Once the driver parks their vehicle in one of the one or more
unoccupied parking spaces, the parking space management mechanism
indicates the parking space as occupied in accordance with the
process identified in FIG. 4.
[0061] If at step 604 the inquiry includes user preferences, the
parking space management mechanism compares the user preferences
from the vehicle as to available parking spaces to characteristic
information associated with the one or more unoccupied parking
spaces (step 612). Responsive to identifying a subset of the one or
more unoccupied parking spaces that match the user preferences
(step 614), the parking space management mechanism relays the
subset of the one or more unoccupied parking spaces to the vehicle
(step 616). Upon receiving the subset of the one or more unoccupied
parking spaces, the parking assist system may then present a
location of the one or more unoccupied parking spaces as well as
information associated with the parking space to the driver (step
618).
[0062] From steps 610 and 618, the parking space management
mechanism monitors the identified parking spaces until the vehicle
requesting the parking space has occupied one of the one or more
parking spaces thus, at step 620, the parking space management
mechanism determines whether one or more of the one or more
identified parking spaces becomes occupied with a vehicle other
than the requesting vehicle. If at step 620 the parking space
management mechanism determines that one or more of the one or more
identified parking spaces becomes occupied by a vehicle other than
the requesting vehicle, then the operation returns to step 604
where anew set of unoccupied parking spaces is identified. If at
step 620 the parking space management mechanism determines that one
or more of the one or more identified parking spaces becomes
occupied by the requesting vehicle, the operation terminates.

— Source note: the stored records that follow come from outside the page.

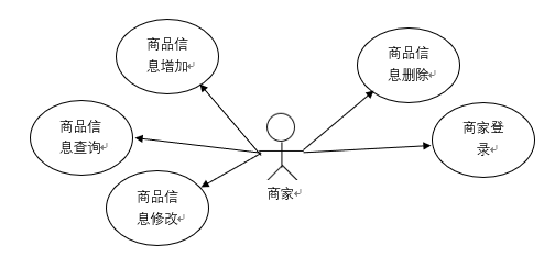 对于商家,发布与删除商品信息是维持网络商铺运行的最基本需求,而为了便于商品信息管理,则应该提供商品信息的查询功能以及修改功能。商家模块用例图如图2.3所示。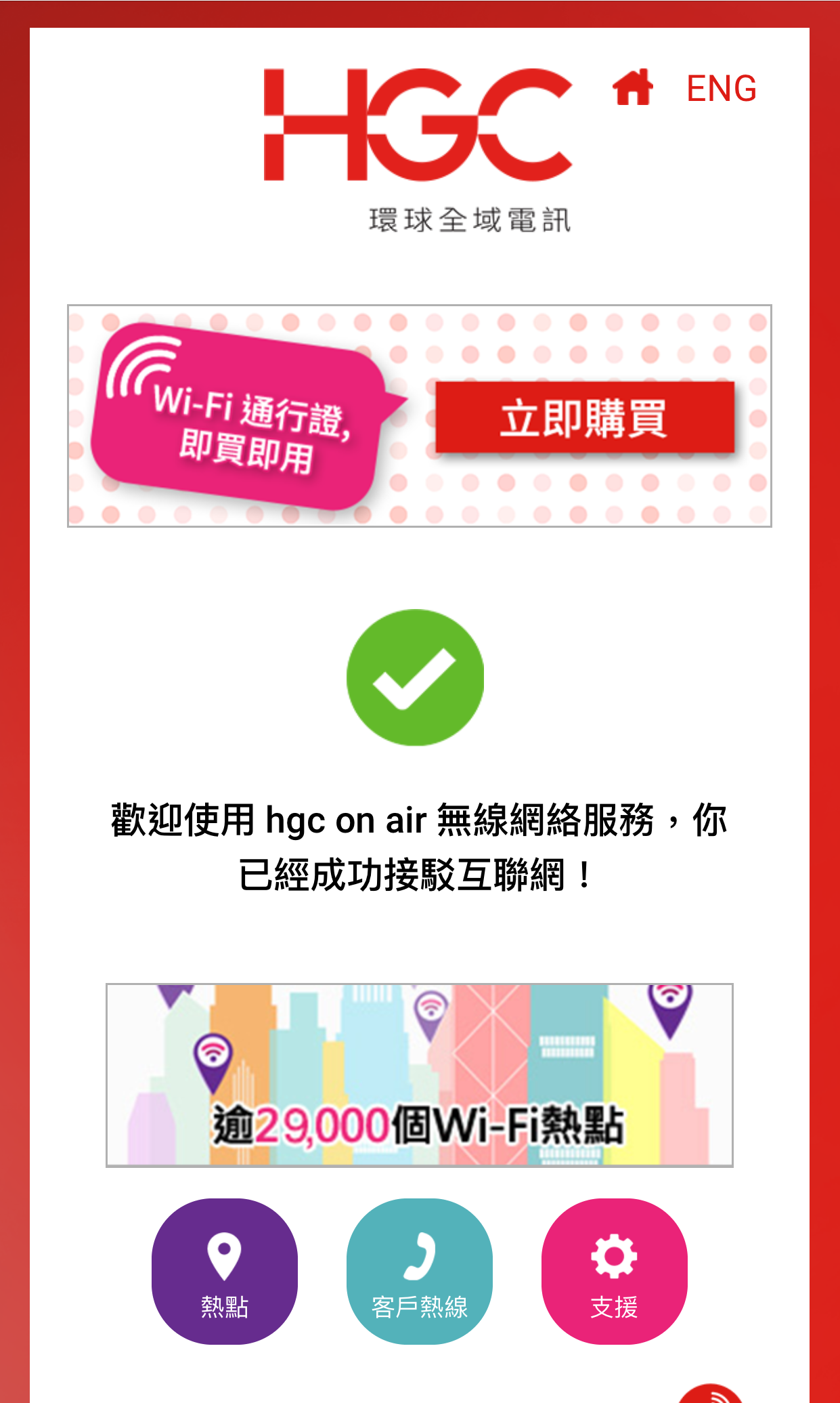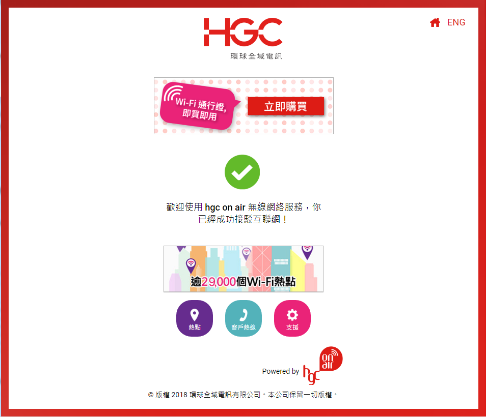 3. 您已成功登入 hgc on air ,立即體驗Wi-Fi上網的樂趣!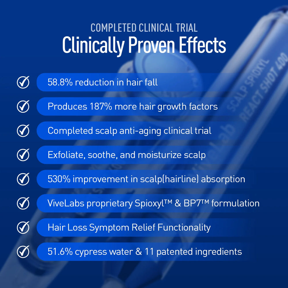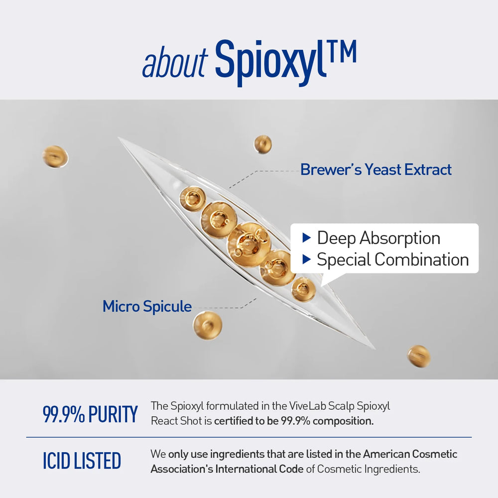 ViveLab Scalp Spioxyl React Shot 400: Water,Alcohol,Caffeine,C12-13 Alketh-9,Artemisia Vulgaris Extract,Ammonium Acryloyldimethyltaurate/VP Copolymer,Dipropylene Glycol,Menthol,Hydrolyzed Sponge,Fragrance,Acrylates/C10-30 Alkyl Acrylate Crosspolymer,Butylene Glycol,Styrene/Acrylates Copolymer,Glycerin,Bacillus Ferment,1,2-Hexanediol,Ethyl Menthane Carboxamide,Aminomethyl propanol,Disodium EDTA,Dipotassium Glycyrrhizate,Methionine,Cysteine,Gardenia Florida Fruit Extract,Saccharomyces Cerevisiae Extract,Brassica Oleracea Italica (Broccoli) Extract,Artemisia Capillaris Extract,Allium Cepa (Onion) Bulb Extract,Polyglyceryl-10 Laurate,Dextrin,Ethylhexylglycerin,Polyglutamic Acid,Biotin,Tripeptide-1,Palmitoyl Pentapeptide-4,Acetyl Hexapeptide-8,Myristoyl Pentapeptide-4,Palmitoyl Tripeptide-1,Carnosine,Rehmannia Chinensis Root Extract,Morus Nigra Fruit Extract,Lycium Chinense Fruit Extract,Berberis Vulgaris Root Extract,Fragaria Chiloensis (Strawberry) Fruit Extract,Cornus Officinalis Fruit Extract,Alisma Orientale Tuber Extract,Dextran,Dioscorea Japonica Root Extract,Smilax Glabra Root Extract,Paeonia Suffruticosa Root Extract,Acetyl Tetrapeptide-3,Trifolium Pratense (Clover) Flower Extract

[0063] FIG. 7 depicts a flowchart of an operation performed by a
parking space management mechanism in assisting in management of
the managed parking structure in accordance with an illustrative
embodiment. As the operation begins, the parking space management
mechanism obtains evidence of available parking spaces within the
managed parking structure (step 702). The parking space management
mechanism then receives information from one or more vehicles
indicating that a vehicle has parked within the managed parking
structure (step 704). The information from the one or more vehicles
includes vehicle identifiers associated with the vehicles as well
as one or more of pieces of information, such as distance
information indicating one or more distances from the vehicle to
other walls, columns, embankments, curbs, precast parking curbs,
other vehicles, or the like, GPS coordinates, photometric cues
coming from one or more cameras on the vehicle, or the like.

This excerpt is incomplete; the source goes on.